On behalf of the Board of Directors (“Board”) of B-Corp, Maybank Investment Bank Berhad (“Maybank IB”) wishes to announce that the Board of Cosway Corporation Berhad, a wholly-owned subsidiary of B-Corp, has notified the Board of Cosway Corporation Limited (“CCL”) today that it is presently considering the privatisation of CCL which would result in the delisting of CCL from The Stock Exchange of Hong Kong Limited (“Proposed Privatisation”).
It is envisaged that the Proposed Privatisation would be at a cash consideration of Hong Kong Dollar (“HK$”) 1.10 (equivalent to approximately RM0.42) per ordinary share of HK$0.20 each in CCL (“CCL Share”) and HK$1.10 per HK$0.20 nominal amount of Irredeemable Convertible Unsecured Loan Securities (“CCL ICULS”). The price of HK$1.10 represents a premium of approximately 45.1% over the 5 day volume weighted average market price of HK$0.7583 per CCL Share up to 6 July 2011, being the last full trading day immediately prior to this announcement.
The Board of B-Corp wishes to state that having regard to the current developments and circumstances of the B-Corp group of companies (“B-Corp Group”), it would be in the best interest of the Company to privatise CCL. The Board of B-Corp is confident of the excellent future potential of the Cosway business model and hence is proposing to own 100% of the company. The Board is of the view that
CCL
could potentially become the main core business of the B-Corp Group and will underpin B-Corp Group’s performance going forward.
The Board of B-Corp believes that the privatisation of CCL will provide CCL with the necessary management flexibility and would enable CCL to focus on driving its strategic plan to globalize the Cosway brand without having to incur the attendant costs, and be subjected to regulatory restrictions and compliance obligations associated with its listed status.
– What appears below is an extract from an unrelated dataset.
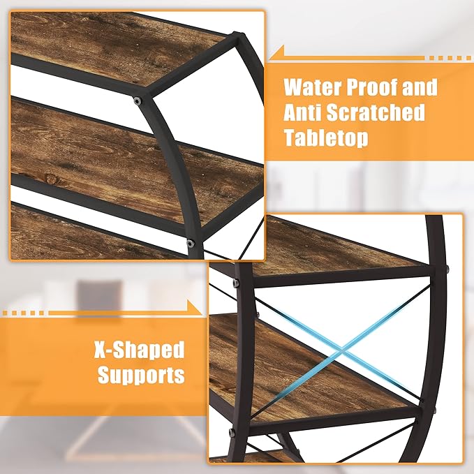 • Unique Design-- This 4-tier industrial console table is designed with a demilune shape, that perfectly fits for a tighter space yet it still provides an extra surface for decor. It's surprisingly stylish and keeps your things looking organized. This table's industrial design is achieved via black metal frame and vintage style countertop. The elegant appearance can be well matched with rustic, industrial or modern decoration.

The privatisation of CCL would also enable more active and direct participation by B-Corp in CCL’s global strategy.
Consequently, the proposed offer for sale of the CCL ICULS to the shareholders of B-Corp on the basis of one (1) CCL ICULS for every two (2) ordinary shares of RM1.00 each held in B-Corp (as announced on 29 April 2010) is aborted.
The B-Corp Group presently holds a total of approximately 2.615 billion CCL Shares, representing approximately 55.47% of its present outstanding CCL Shares of approximately 4.715 billion. In addition, the B-Corp Group holds a total of approximately 6.837 billion CCL ICULS which are convertible into approximately 6.837 billion new CCL Shares.
Tan Sri Dato’ Seri Vincent Tan Chee Yioun (“Tan Sri Vincent Tan”), the Chairman of B-Corp, and Rayvin Tan Yeong Sheik (“Rayvin”), an Executive Director of B-Corp and CCL and a son of Tan Sri Vincent Tan, have interests in CCL, as follows:-
| Direct | Indirect |
| ‘000
| % | ‘000 | % |
Tan Sri Vincent Tan
| 330,000 | 7.00 | 2,728,957 * | 57.89 * |
Rayvin
| 221,707 | 4.70 |
-
|
-
|
*
Deemed interested by virtue of his interest in B-Corp and his deemed interest in Biofield Sdn Bhd.
In addition, Rayvin holds approximately 227.25 million CCL ICULS.
Dato’ Robin Tan Yeong Ching, the Chief Executive Officer of B-Corp and a son of Tan Sri Vincent Tan, has an indirect interest in 1.3 million CCL Shares through his spouse.
Chan Kien Sing is an Executive Director of B-Corp and a Director of CCL.
Tan Sri Danny Tan Chee Sing, a past Director of B-Corp is a brother of Tan Sri Vincent Tan. He holds approximately 17.91 million CCL Shares. His son, Dickson Tan Yong Loong is a Director of B-Corp.
Save as disclosed above, the Company is not aware of any other Directors or major shareholders or persons connected to them who have an interest in the Proposed Privatisation, whether directly or indirectly.
B-Corp has appointed Maybank IB as the principal adviser for the Proposed Privatisation and OSK Investment Bank Berhad as the independent adviser to advise the non-interested shareholders of B-Corp on the Proposed Privatisation.
The interested Directors have abstained and will abstain from future Board deliberations on the Proposed Privatisation. The Proposed Privatisation is subject to the approval of the shareholders of B-Corp at an extraordinary general meeting at which the interested parties named above and persons connected to them shall abstain from voting in respect of their direct and indirect shareholdings in B-Corp. In addition, the Proposed Privatisation is also subject to consent/approvals of the relevant authorities in Hong Kong, where applicable.
Further announcements on the Proposed Privatisation will be made in due course.
This announcement is dated 7 July 2011.